:: What is required ::
Write out exactly, and only, the lines below from the line with "De esta manera, y" through the line with "BATES Network 31st"; pictures do not belong in the copy.

:: Data block ::
━━━━━━━━━━━━━━━━━━━━━━━━━━━━━━
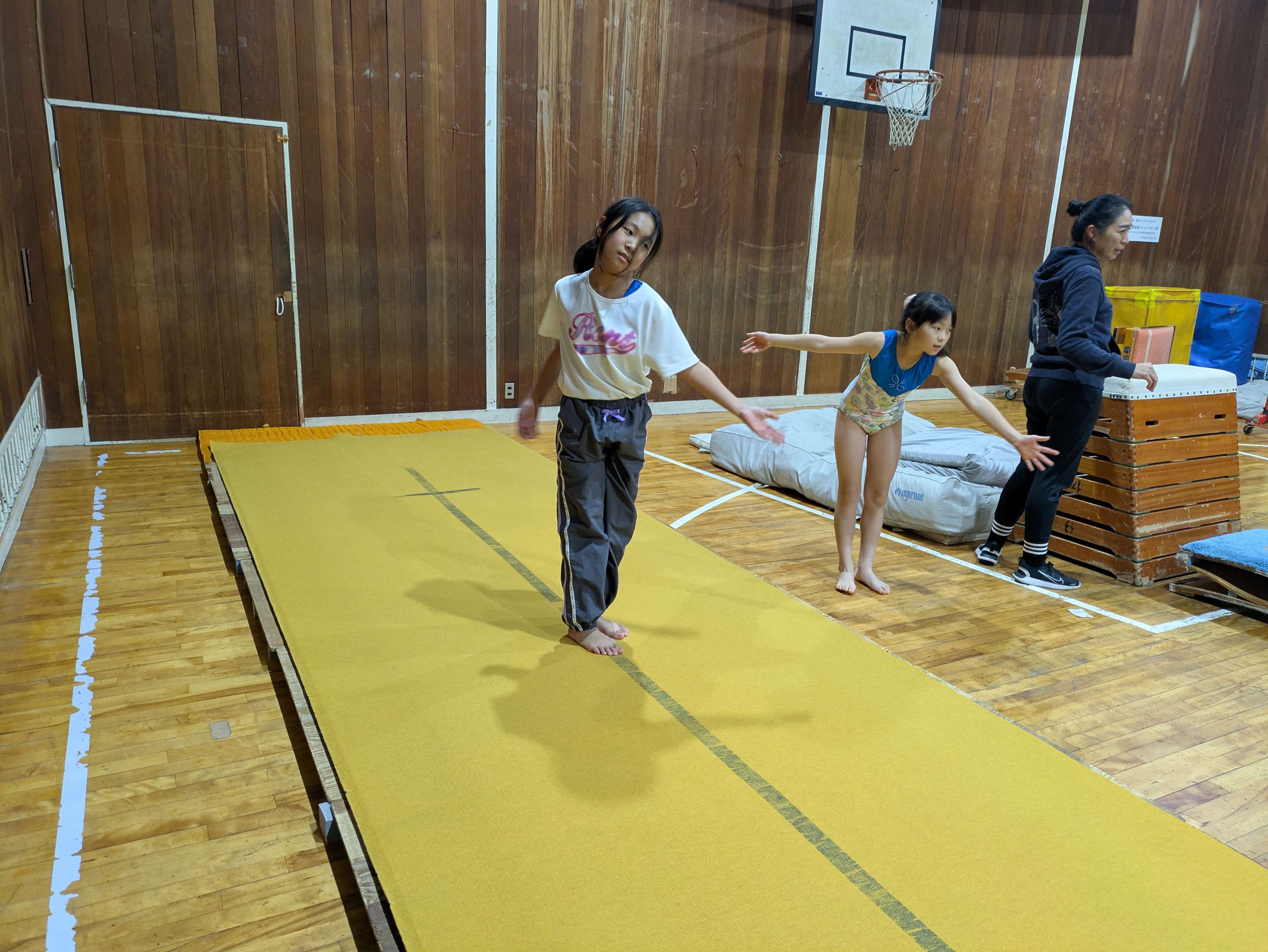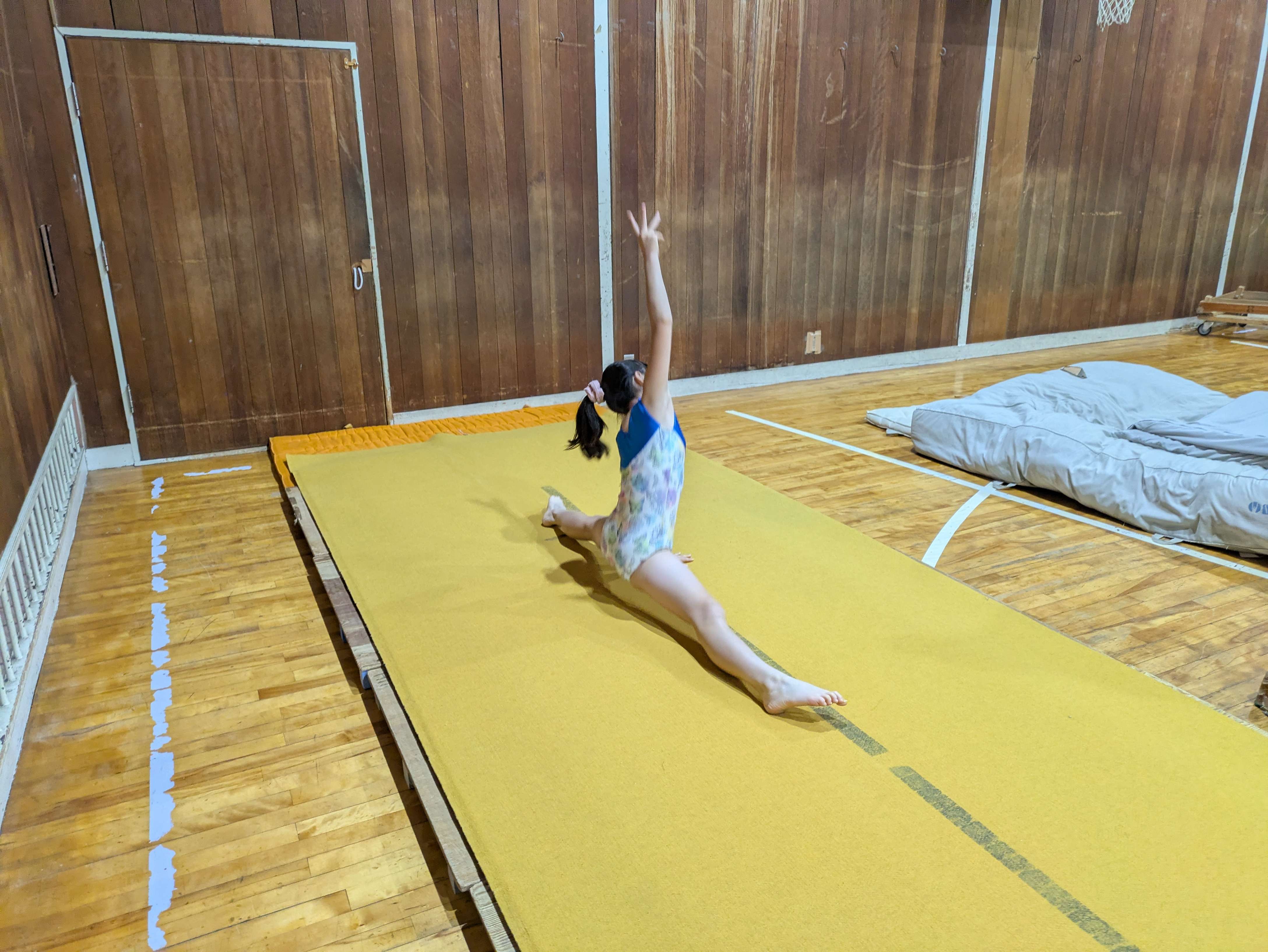 トレーニングでもしている倒立を意識して、側転や転回などの技をするようにしましょう!
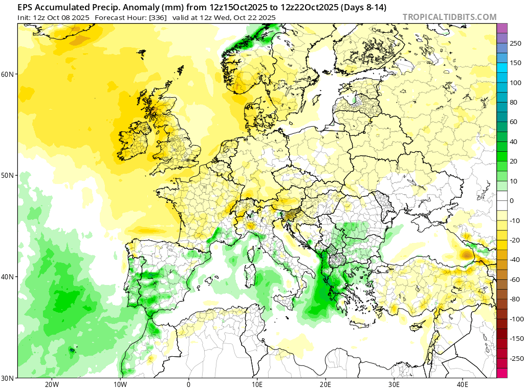 De esta manera, y como ha acontecido otras veces, las borrascas tendrán un pasillo abierto hacia la Península, iniciando un periodo de lluvias en la segunda parte de la semana venidera, posiblemente a partir del 17-18 de octubre. Las lluvias podrían aparecer en zonas del oeste peninsular con los vientos llovedores, entre otras.
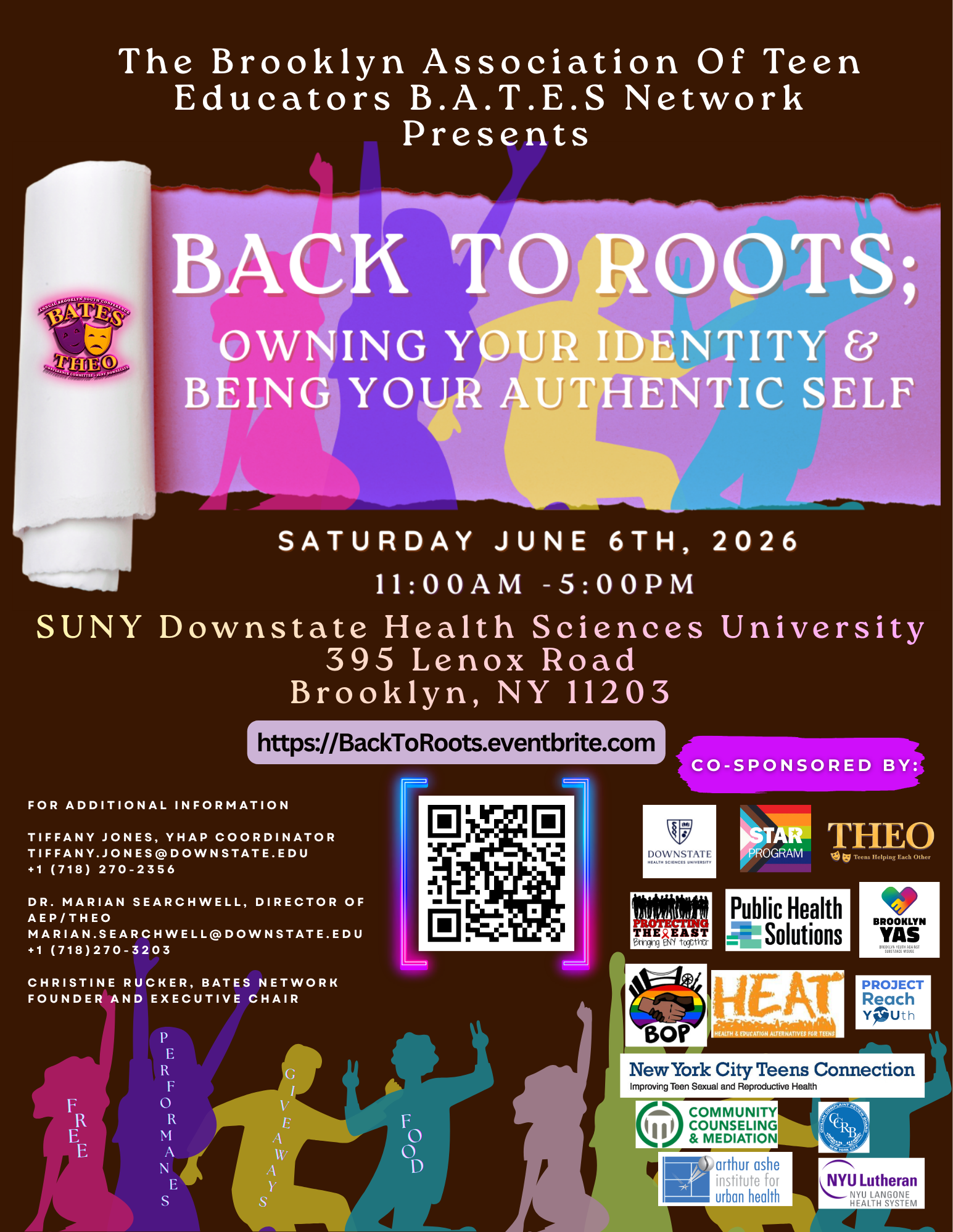 BATES Network 31st Annual Youth Conference and Theater Festival Saturday, June 6, 2026 11:00 AM 5:00 PM 11:00 17:00 Adolescent Education Program, THEO SUNY Downstate Health Sciences University 395 Lenox Road, Brooklyn, New York, 11203 U.S.A. (map) Google Calendar ICS
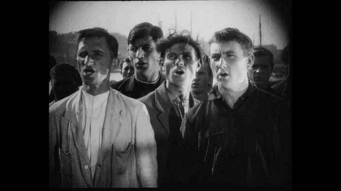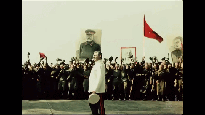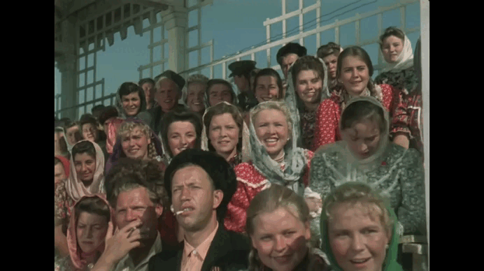 В кинематографе сталинской эпохи визуальный язык фиксирует принципиально иную модель: масса изображается как гармоническая, упорядоченная, идеальная форма. Массовые сцены строятся фронтально, симметрично, с высотных ракурсов, создающих образ «единого тела», в котором индивидуальность растворяется. Финалы — хоровые, коллективные, торжественные — подчеркивают отсутствие личной траектории, заменённой идеологическим общим движением. Здесь массовое полностью подчиняет индивидуальное: оно становится не пространством драмы, а символом политического единства.
━━━━━━━━━━━━━━━━━━━━━━━━━━━━━━
:: Final answer ::
 De esta manera, y como ha acontecido otras veces, las borrascas tendrán un pasillo abierto hacia la Península, iniciando un periodo de lluvias en la segunda parte de la semana venidera, posiblemente a partir del 17-18 de octubre. Las lluvias podrían aparecer en zonas del oeste peninsular con los vientos llovedores, entre otras.
 BATES Network 31st Annual Youth Conference and Theater Festival Saturday, June 6, 2026 11:00 AM 5:00 PM 11:00 17:00 Adolescent Education Program, THEO SUNY Downstate Health Sciences University 395 Lenox Road, Brooklyn, New York, 11203 U.S.A. (map) Google Calendar ICS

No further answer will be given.